What could she do? Once married, she could hardly pretend, month after month, they’d just been unlucky. And didn’t he say he loved her to bits? So she called him from the phone box on the corner of the Harringtons’ crescent: “I got damaged, Fred. Down there. I won’t have kids.” The shocked pause went on forever.

“But I’d never have asked you to marry me if you’d told me,” he’d said eventually. And she’d realized she’d known that all along.

There. It’s out. Rita stares up at the sky. The moonlight falls on her bare skin like rain.

“Lucky,” he says.

“Lucky?” she repeats, with a hollow laugh. Her heart is one big bruise.

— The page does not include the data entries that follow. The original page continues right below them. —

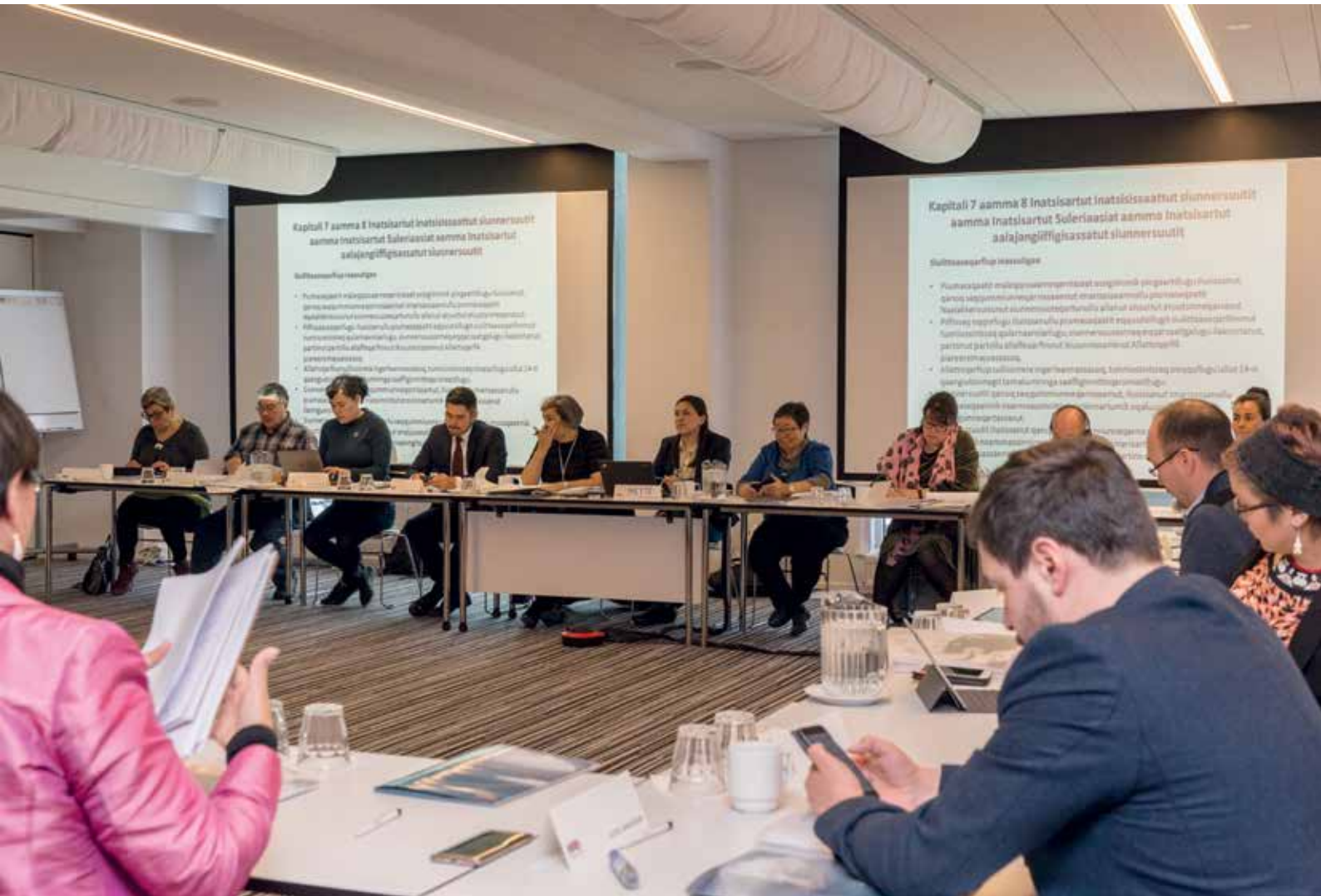
Ulloq 10. november: Siulittaasoqarfik Inatsisartunut ilaasortat peqatigalugit Inatsisartut suleriaasiat pillugu Hotel Hans Egedemi isumasioqatigiissitsivoq.
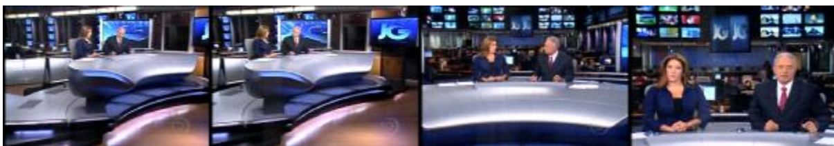
Figura 11: Abertura do telejornal com combinação de travelling e zoom in ( Jornal da Globo )

Assim, nos trechos que demarcam início e fim do telejornal e os intervalos, são identificados dois procedimentos audiovisuais distintos de aproximação e distanciamento. Enquanto o zoom produz efeitos de aproximação e distanciamento transitórios e, desta forma, caracteriza as passagens de bloco, o travelling , que permite a simulação de maior deslocamento corporal e não apenas profundidade do olhar – o telespectador é conduzido pela movimentação da própria câmera – assinala, com maior frequência, as aberturas e finalizações dos telejornais, cujas convocações e despedidas têm caráter mais douradoras.
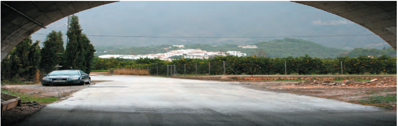
Foto 1. El túnel de l'autopista i el Poblet de les Cases.

Desembre de 2009. Hivern incipient. Vaig a Altea la Vella com qui torna als orígens. Ha arribat, sense avís previ, la minsa ració de fred que anualment pertoca al nostre redós de Mediterrània. El nostre és un hivern de mentidetes. Un simulacre d'hivern, empeltat de primavera. Però un simulacre convincent, al cap i a la fi: en un parell de dies —ho anuncien els homes i les dones del temps— el Ponotx, Xortà, Aitana i el Puigcampana es cobriran de neu. També Bèrnia.
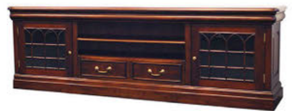
Sjónvarpsskápur - verð 242.000
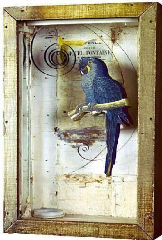
Οι άγγελοι του Κίβι, Τζόζεφ Κορνέλ
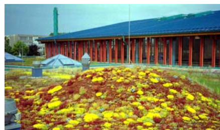
Auch dieser künstliche Hügel wurde mit dem „Sedumteppich“ begrünt.

“You found out Fred’s true character before you walked down the aisle.” Robbie rolls on top of her, pinning her down, weighting his body’s length against hers. She doesn’t register she’s crying until he wipes her tears away with his thumb. “And I’m a lucky bugger too. Because you’re not married to that idiot and this means I can kiss you from your head to your toes.”

And every crevice besides. God. She had no idea such sensations existed. Lying back on the ground afterward, her body quivering, trying to catch her racing breath, she feels . . . reborn. Robbie reaches for her hand and brings it to his mouth, skimming her knuckles with his lips, and she smiles, so lost in him, the warm summer’s night, she doesn’t hear the distant gunshots, muted by the trees.